Donate Your Car for a Tax Write Off

So, junk yards and Peddle didn’t offer enough to make a sale worthwhile and you’re not interested in parting your junk car out yourself. Are there any other options?

You could donate your car, regardless of its condition. 

Cars Helping Charities is just one of many companies that makes this possible. These companies pick up junk cars, part them out, or fix them up, in an attempt to generate a profit, and donate those profits to the charity of your choice. 

If you go this route, you’ll not only be able to sleep well at night knowing that you’ve done something that will benefit a meaningful cause, you’ll get a tax write-off as the profits generated from your property were donated to charity. 

Trade-In Your Non-Running Car

If your car has recently become a lemon, chances are you’re in need of another. In many cases, dealerships run “push, pull, or drag it in” promotions, offering thousands of dollars in trade-in credit for junk cars. 

Call the dealerships near you and ask if any of these promotions are going on. If not, ask if they accept junk cars as trade-ins. They’ll often give you something toward your down payment, even if it’s only a couple hundred bucks. 

Consider Fixing Your Car

Depending on what’s wrong with your car, you may be able to fix it for a low cost and sell it as a running car for far more money than you’d get for a junk car. 

Talk to your friends and family and ask if anyone will help you figure out what’s wrong. If not, and you don’t think the problem is too costly, consider having it towed to a mechanic for a diagnosis. 

If you find that making a $500 fix will increase the value of your junk car from $300 to $2,000, the fix becomes a no-brainer. 

Of course, there is the risk that what’s wrong with your car is costly, in which case, you’ll lose money from the cost of towing to the mechanic and diagnosis fees. Nonetheless, with such a big potential payoff, the potential returns may be worth the risk. 

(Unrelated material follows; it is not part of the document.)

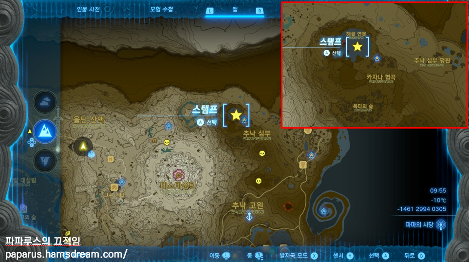 "귀신의 모자"는 데스 마운트 2시 방향 "해골 연못" 내 "해골 연못의 동굴" 에 있습니다. 눈으로 보이는 곳이 동굴이였네요. "울리산 조망대"에서 날아가는 것을 추천하는데, 거리가 멀기 때문에 날아가는 도중 날개를 꺼내서 이동하는 것을 추천합니다. 스테미너가 많이 부족할 수 있습니다.

Selling Cars That Don’t Run Frequently Asked Questions (FAQ)

You’re human, so you’re inquisitive. Find the answers to some of the most commonly asked questions about selling cars that don’t run below:

How Do You Sell a Car That Is Not Running?

You have several reasons to sell a car that’s not running. Here are the steps to selling a car that doesn’t run:

  • Step #1: Determine how much money your car’s worth based on the different options above.
  • Step #2: Decide how you’re going to sell your non-running car. Will you junk it, donate it, trade it in, or fix it?
  • Step #3: Take action. Follow the guide above to prep and sell your non-running car. 

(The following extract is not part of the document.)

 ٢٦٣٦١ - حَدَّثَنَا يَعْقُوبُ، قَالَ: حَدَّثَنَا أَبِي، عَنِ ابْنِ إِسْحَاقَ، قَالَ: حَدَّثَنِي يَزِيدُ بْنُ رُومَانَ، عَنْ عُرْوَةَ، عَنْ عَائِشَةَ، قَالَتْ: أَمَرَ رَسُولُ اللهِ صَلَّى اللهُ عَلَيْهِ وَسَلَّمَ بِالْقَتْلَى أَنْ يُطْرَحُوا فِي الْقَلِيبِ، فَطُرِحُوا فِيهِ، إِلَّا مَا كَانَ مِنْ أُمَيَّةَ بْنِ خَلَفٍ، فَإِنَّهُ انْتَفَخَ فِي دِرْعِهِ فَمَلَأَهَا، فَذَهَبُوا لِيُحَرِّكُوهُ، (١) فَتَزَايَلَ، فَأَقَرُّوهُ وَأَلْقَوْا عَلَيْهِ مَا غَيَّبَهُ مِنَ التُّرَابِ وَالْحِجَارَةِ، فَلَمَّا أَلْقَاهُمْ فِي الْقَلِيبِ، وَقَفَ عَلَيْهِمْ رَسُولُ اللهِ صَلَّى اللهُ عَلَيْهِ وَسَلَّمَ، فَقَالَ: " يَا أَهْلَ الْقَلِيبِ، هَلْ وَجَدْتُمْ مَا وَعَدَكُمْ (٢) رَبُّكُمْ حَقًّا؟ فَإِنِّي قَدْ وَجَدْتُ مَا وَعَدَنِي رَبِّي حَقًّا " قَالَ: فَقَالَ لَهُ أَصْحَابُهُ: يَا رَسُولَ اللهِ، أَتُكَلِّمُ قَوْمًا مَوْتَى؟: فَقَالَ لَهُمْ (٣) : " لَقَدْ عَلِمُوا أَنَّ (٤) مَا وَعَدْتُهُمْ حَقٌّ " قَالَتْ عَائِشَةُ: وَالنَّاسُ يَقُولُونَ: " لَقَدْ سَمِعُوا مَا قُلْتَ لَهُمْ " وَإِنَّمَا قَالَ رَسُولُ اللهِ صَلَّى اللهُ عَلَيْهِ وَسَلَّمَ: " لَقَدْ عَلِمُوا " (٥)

Can You Get Money for a Car That Doesn’t Run?

Yes, you can get money for cars that don’t run. The amount of money you get will depend on the year, make, and model of your car, why it’s not running, and the way you decide to sell it. 

Will CarMax Buy My Car if It Doesn’t Run?

Yes. CarMax makes offers on all types of cars and trucks, running or not. However, you may get a better offer from other providers like Peddle. So, make sure to shop around. 

The Bottom Line

We’ve all heard the old adage, “one man’s trash is another man’s treasure,” and it’s no more true when it comes to junk cars. While that car sitting in your driveway may not have been a running machine for some time, giving you headache after headache along the way, to some, it’s worth at least a few hundred bucks. 

Don’t let your junk car continue to be an eyesore in front of your house. Getting rid of it won’t just help your curb appeal, it will help your pocket.